This function creates a separate context for each workgroup to avoid contention on the
default context, allowing parallel execution across multiple streams.

ROCSHMEM_FCOLLECT
-----------------

.. cpp:function:: __device__ void rocshmem_ctx_TYPENAME_fcollect_wg(rocshmem_ctx_t ctx, rocshmem_team_t team, TYPE *dest, const TYPE *source, int nelems)

  :param ctx:    Context with which to perform this collective.
  :param team:   The team participating in the collective.
  :param dest:   Destination address. Must be an address on the
                 symmetric heap.
  :param source: Source address. Must be an address on the symmetric
                 heap.
  :param nelems: Number of data blocks transferred per pair of PEs.
  :returns:      None.

**Description:**
This routine concatenates blocks of data from multiple PEs to an array in every
PE participating in the collective routine.

ROCSHMEM_REDUCTION
------------------
.. cpp:function:: __device__ int rocshmem_ctx_TYPENAME_OPNAME_reduce_wg(rocshmem_ctx_t ctx, rocshmem_team_t team, TYPE *dest, const TYPE *source, int nreduce)
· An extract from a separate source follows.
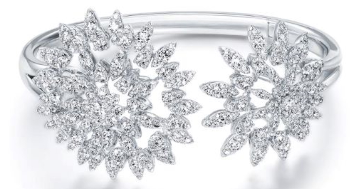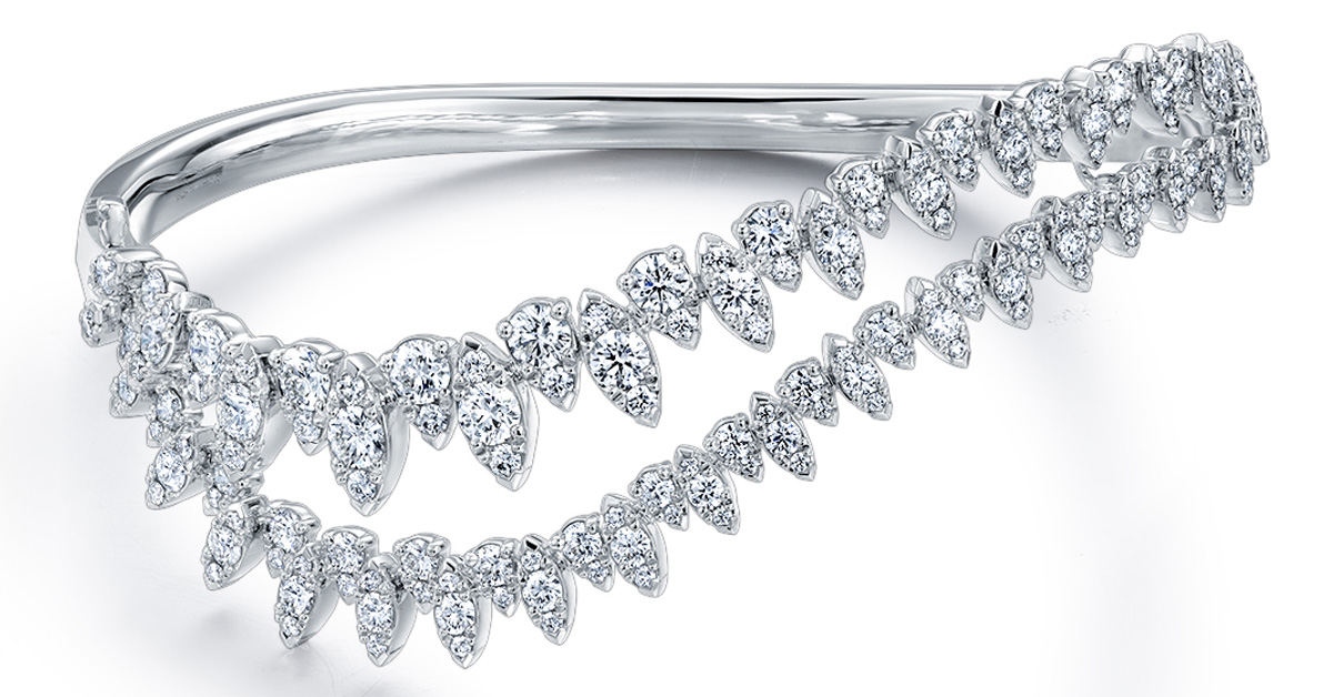 「Aerial Double Sunburst」鑽石手環,無論從哪個角度皆能折射出迷人的火光。精美鑽石勾勒而成的欖尖形與梨形圖案,營造出完美的的交錯視覺效果,可為整身裝扮添上濃墨重彩的點睛之筆。

  :param ctx:     Context with which to perform this collective.
  :param team:    The team participating in the collective.
  :param dest:    Destination address. Must be an address on the
                  symmetric heap.
  :param source:  Source address. Must be an address on the symmetric
                  heap.
  :param nreduce: Number of data blocks transferred per pair of PEs.
  :returns:       Zero on successful local completion. Nonzero otherwise.


**Description:**
This routine  performs an allreduce operation across PEs in the team.

Valid ``TYPENAME``, ``TYPE``, and ``OPNAME`` values are listed in :ref:`REDUCE_TYPES`.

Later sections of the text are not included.